WORK ORDER: The lines to be extracted begin at the line containing "Tee shirt court" and end at the last line of the data below; copy them exactly and leave out the pictures.

INFORMATION SHOWN:
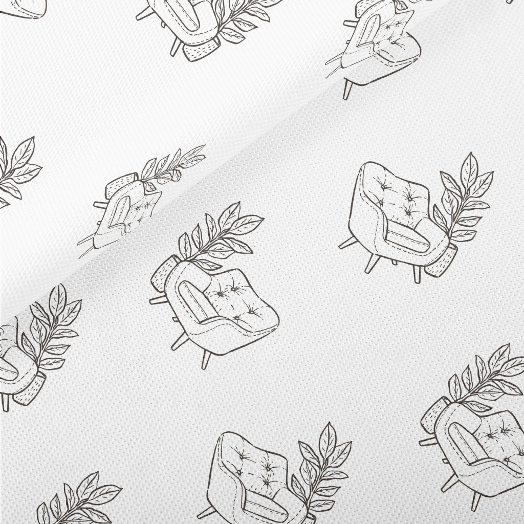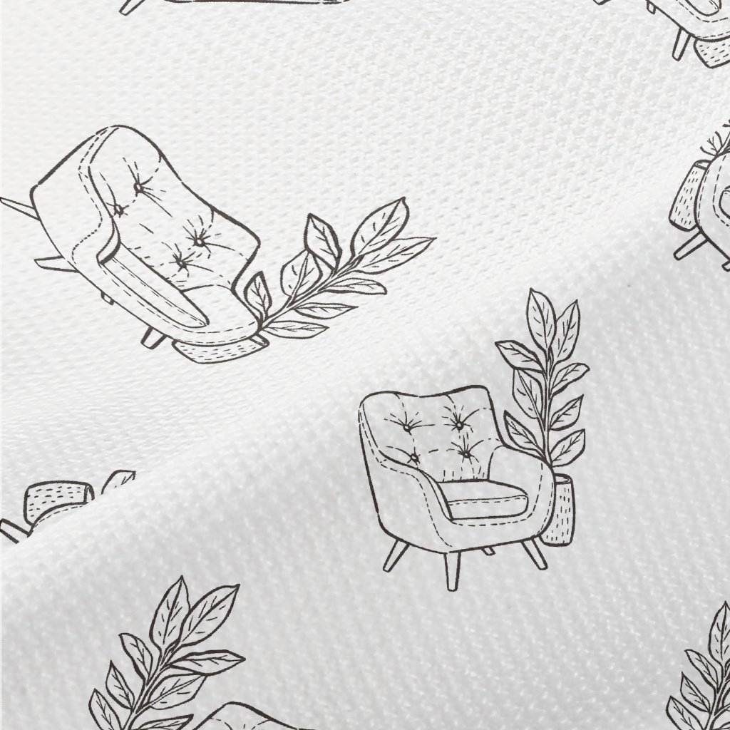手繪沙發與盆栽高爾布(幅寬180公分)
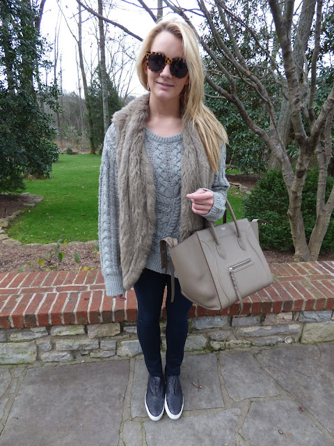 { sunnies: Crap Eyewear // vest: June // sweater: One Teaspoon // bag: Celine // jeans: J Brand // sneakers: Vince }
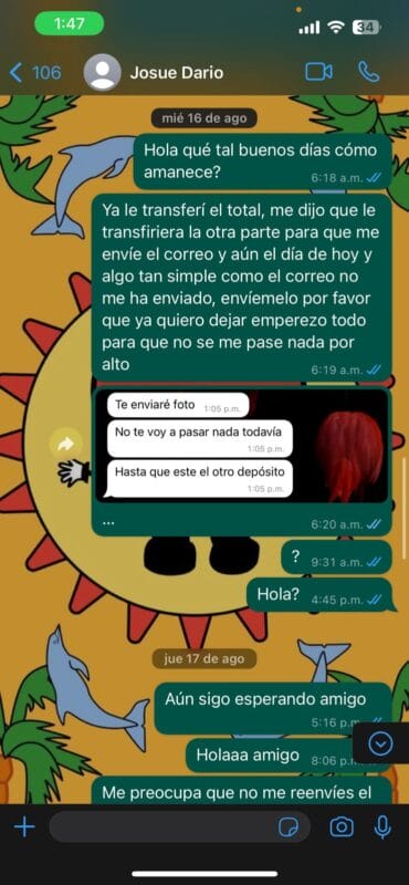 No obstante, antes de enviarle el correo con la información de esta le cobró el resto del dinero y fue ahí cuando dejó de responder.
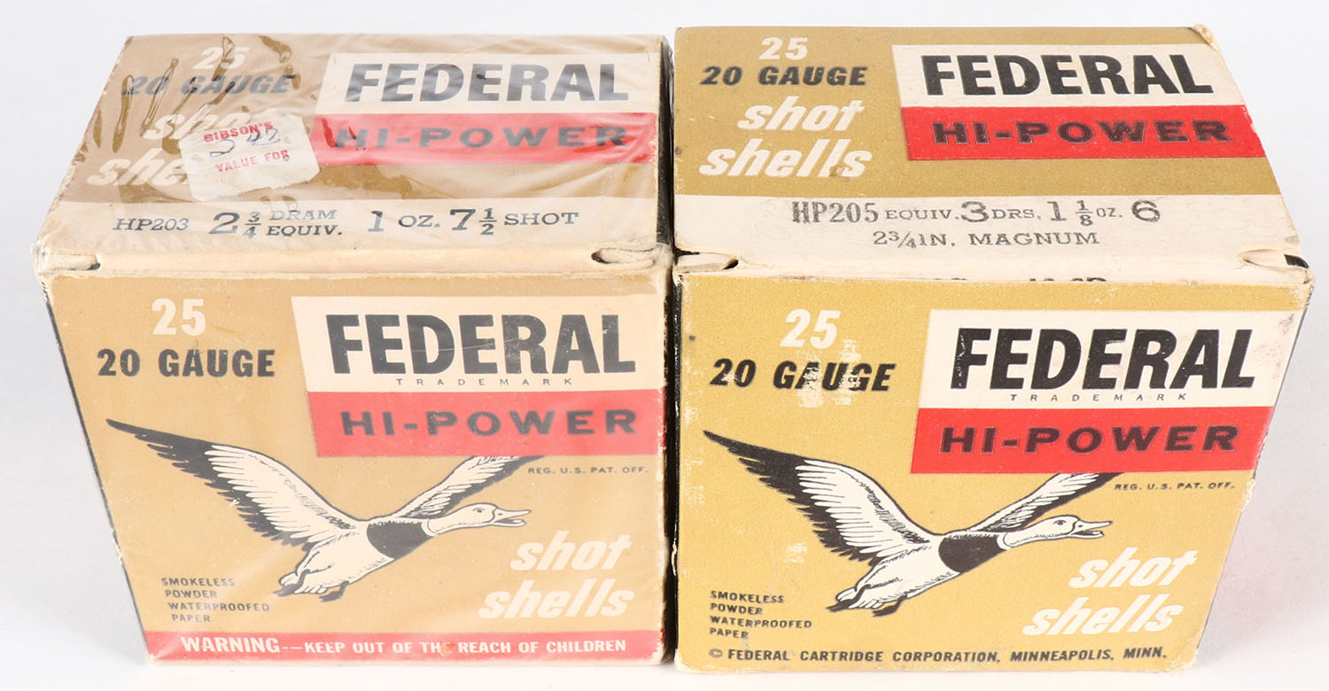 Lot of 2 Federal, 20ga., 1pc., Appears Full, shot size 7 1/2 & 6, multi-colored box. Grade: Very Good ++ - Value: 10 to 30
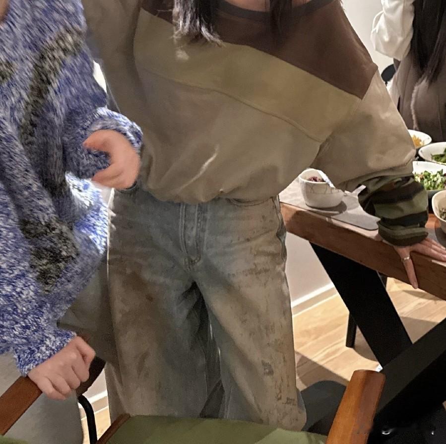 李斯丹妮、王霏霏、刘芸、张雪迎姐妹几个聚餐,刘芸的牛仔裤太抢镜,裤子实在是太脏太埋汰了,实在欣赏不来这种脏脏裤。
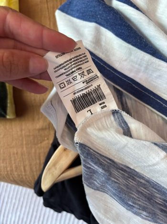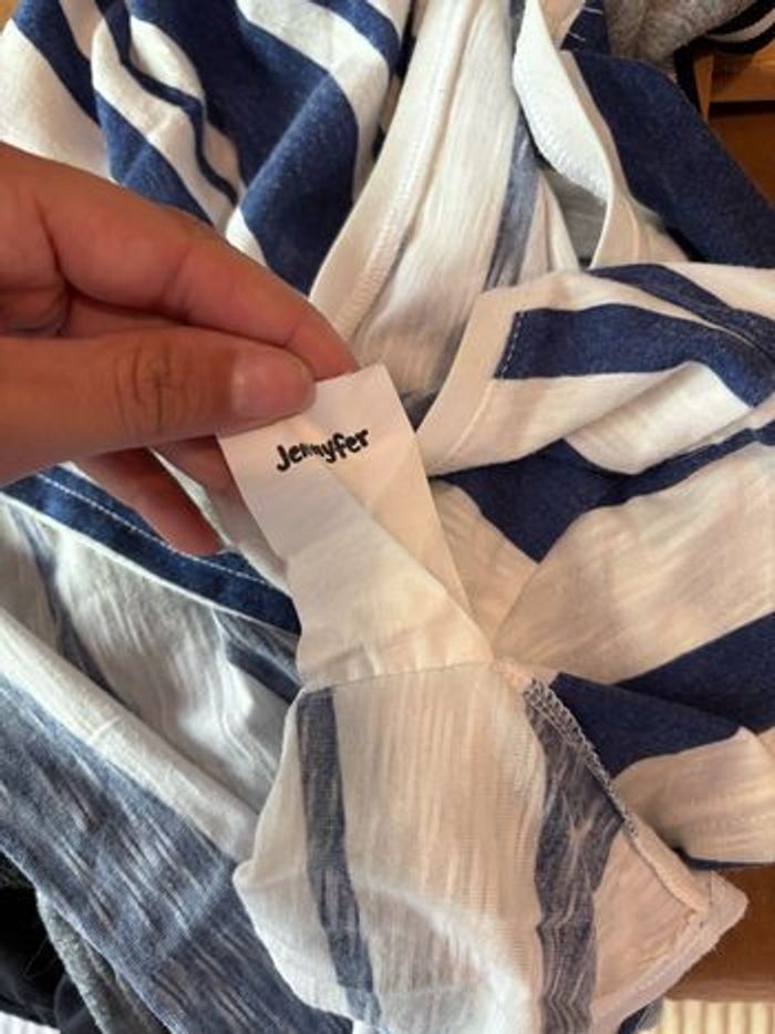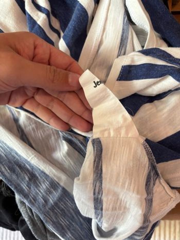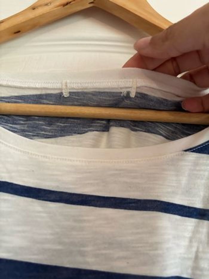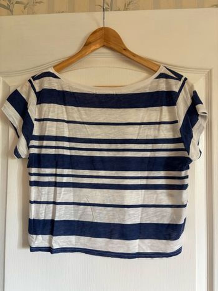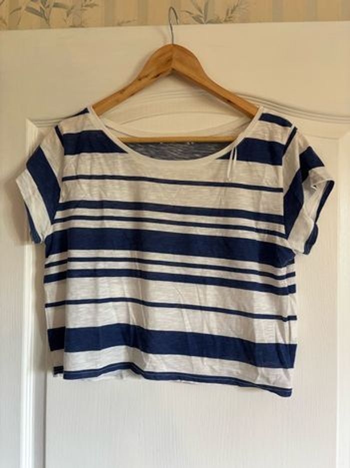 Tee shirt court croc top taille L Bleu et blanc à rayures Léger parfait pour l’été L’étiquette a été coupé car elle grattait
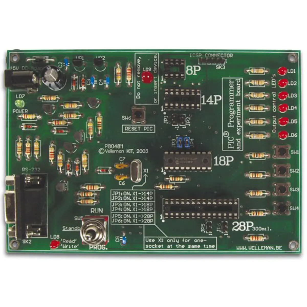 - Suporta 4 diferentes PICs 300 mil.: 8p, 14p, 18p e 28p
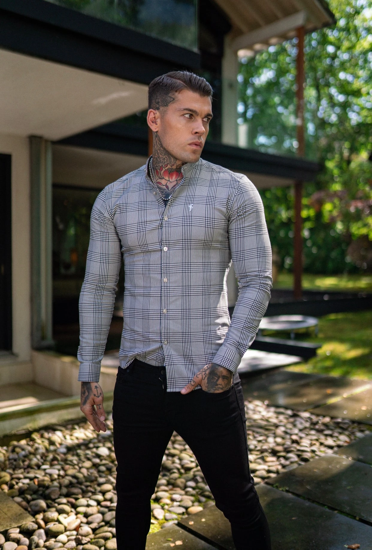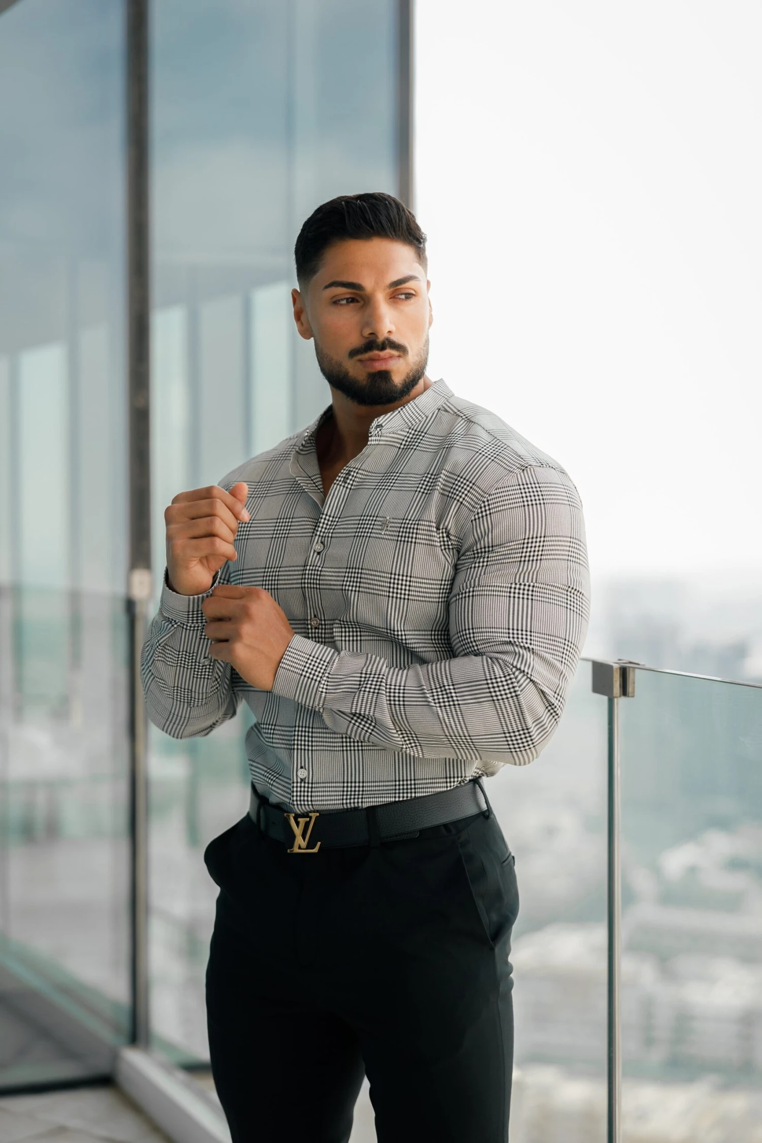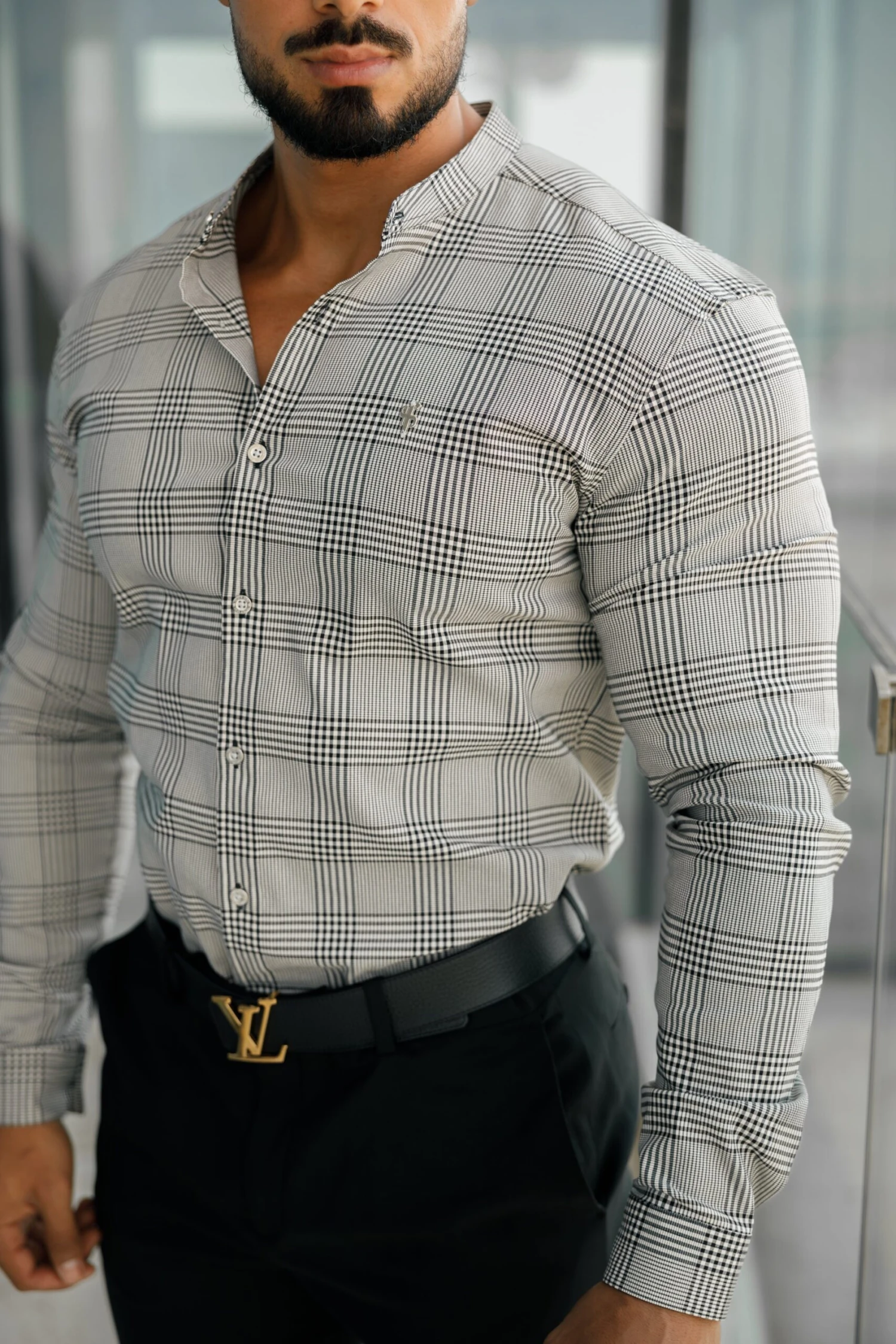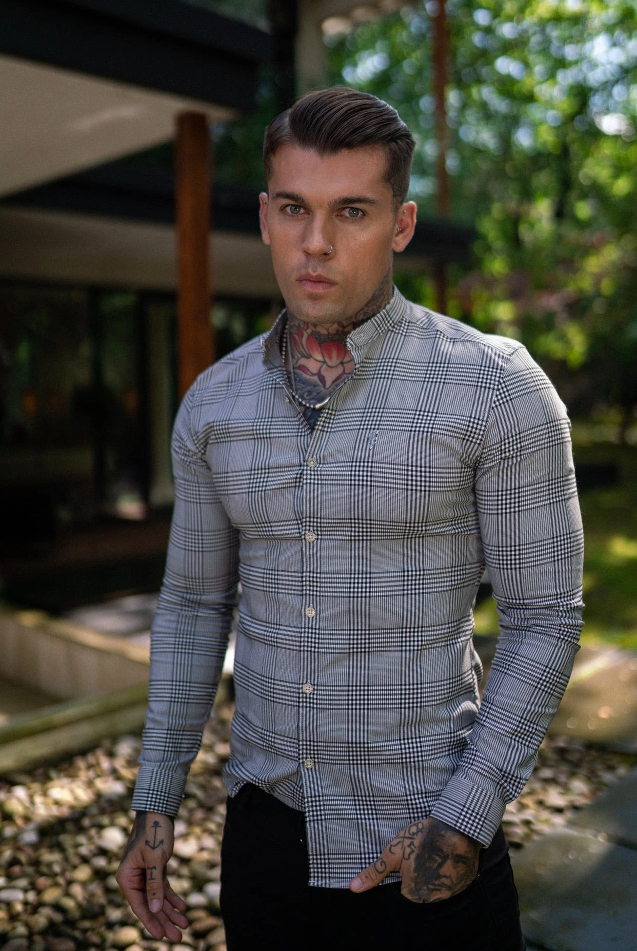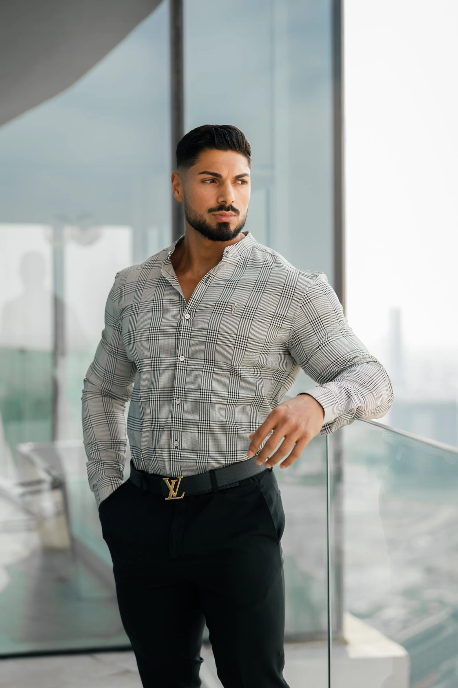 Father Sons Super Slim Stretch Prince Of Wales White and Black Check Long Sleeve Grandad Collar with Metal Buttons and Emblem – FS733

EXPECTED OUTPUT:
 Tee shirt court croc top taille L Bleu et blanc à rayures Léger parfait pour l’été L’étiquette a été coupé car elle grattait
 - Suporta 4 diferentes PICs 300 mil.: 8p, 14p, 18p e 28p
 Father Sons Super Slim Stretch Prince Of Wales White and Black Check Long Sleeve Grandad Collar with Metal Buttons and Emblem – FS733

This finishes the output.